Brief.
Please transcribe the listing that follows exactly; images are to be excluded.

Given material.
.....

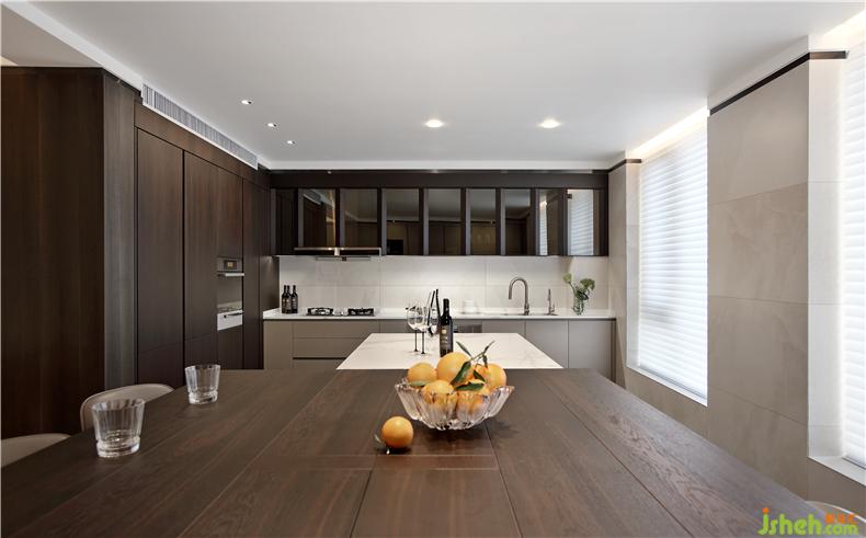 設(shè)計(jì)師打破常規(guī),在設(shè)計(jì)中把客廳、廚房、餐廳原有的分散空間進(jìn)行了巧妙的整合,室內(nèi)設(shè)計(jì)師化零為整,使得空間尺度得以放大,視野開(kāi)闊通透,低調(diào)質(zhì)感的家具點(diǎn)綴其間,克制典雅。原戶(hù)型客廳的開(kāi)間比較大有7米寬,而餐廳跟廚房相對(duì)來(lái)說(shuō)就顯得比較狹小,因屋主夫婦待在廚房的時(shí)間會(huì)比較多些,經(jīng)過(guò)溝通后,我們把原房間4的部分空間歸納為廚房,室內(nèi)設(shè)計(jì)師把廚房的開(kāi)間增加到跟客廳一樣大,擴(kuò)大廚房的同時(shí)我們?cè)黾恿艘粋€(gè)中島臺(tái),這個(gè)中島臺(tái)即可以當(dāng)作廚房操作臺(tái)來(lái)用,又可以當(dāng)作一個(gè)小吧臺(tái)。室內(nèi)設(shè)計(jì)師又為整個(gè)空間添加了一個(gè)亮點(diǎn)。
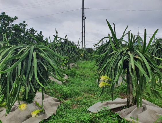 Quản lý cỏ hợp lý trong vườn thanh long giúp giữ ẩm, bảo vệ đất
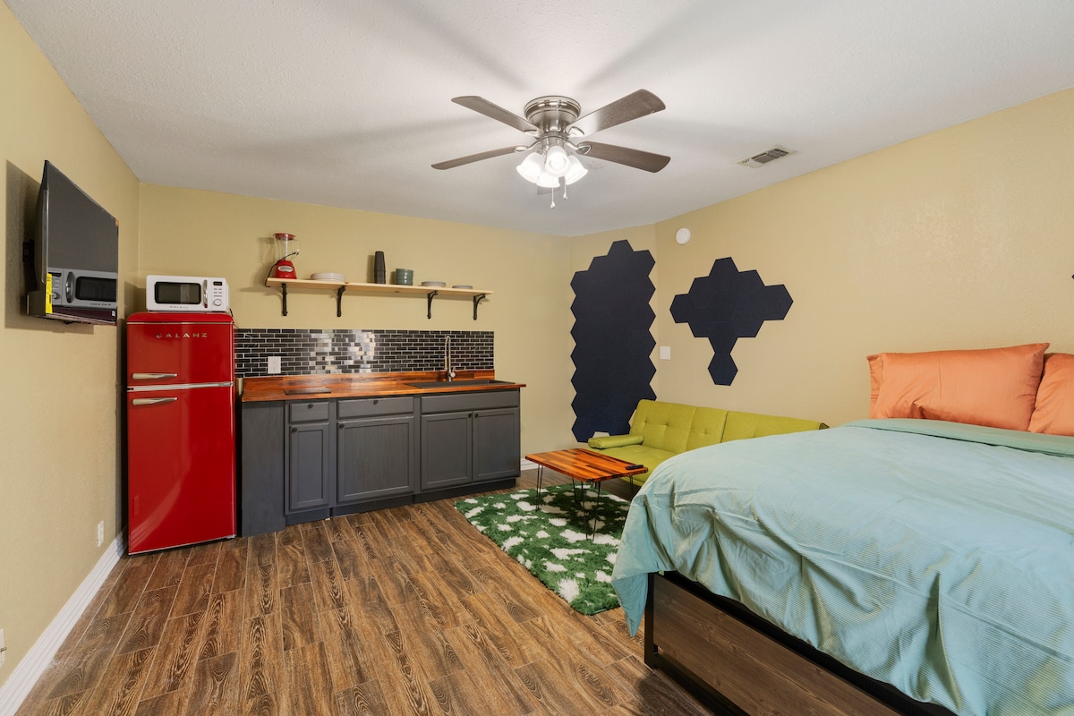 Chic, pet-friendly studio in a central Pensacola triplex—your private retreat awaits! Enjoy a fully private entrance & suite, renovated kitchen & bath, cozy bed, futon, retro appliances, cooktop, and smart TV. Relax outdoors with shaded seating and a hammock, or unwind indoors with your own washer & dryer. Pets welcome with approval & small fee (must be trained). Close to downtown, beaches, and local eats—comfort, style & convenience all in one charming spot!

.....

Written reply.
 設(shè)計(jì)師打破常規(guī),在設(shè)計(jì)中把客廳、廚房、餐廳原有的分散空間進(jìn)行了巧妙的整合,室內(nèi)設(shè)計(jì)師化零為整,使得空間尺度得以放大,視野開(kāi)闊通透,低調(diào)質(zhì)感的家具點(diǎn)綴其間,克制典雅。原戶(hù)型客廳的開(kāi)間比較大有7米寬,而餐廳跟廚房相對(duì)來(lái)說(shuō)就顯得比較狹小,因屋主夫婦待在廚房的時(shí)間會(huì)比較多些,經(jīng)過(guò)溝通后,我們把原房間4的部分空間歸納為廚房,室內(nèi)設(shè)計(jì)師把廚房的開(kāi)間增加到跟客廳一樣大,擴(kuò)大廚房的同時(shí)我們?cè)黾恿艘粋€(gè)中島臺(tái),這個(gè)中島臺(tái)即可以當(dāng)作廚房操作臺(tái)來(lái)用,又可以當(dāng)作一個(gè)小吧臺(tái)。室內(nèi)設(shè)計(jì)師又為整個(gè)空間添加了一個(gè)亮點(diǎn)。
 Quản lý cỏ hợp lý trong vườn thanh long giúp giữ ẩm, bảo vệ đất
 Chic, pet-friendly studio in a central Pensacola triplex—your private retreat awaits! Enjoy a fully private entrance & suite, renovated kitchen & bath, cozy bed, futon, retro appliances, cooktop, and smart TV. Relax outdoors with shaded seating and a hammock, or unwind indoors with your own washer & dryer. Pets welcome with approval & small fee (must be trained). Close to downtown, beaches, and local eats—comfort, style & convenience all in one charming spot!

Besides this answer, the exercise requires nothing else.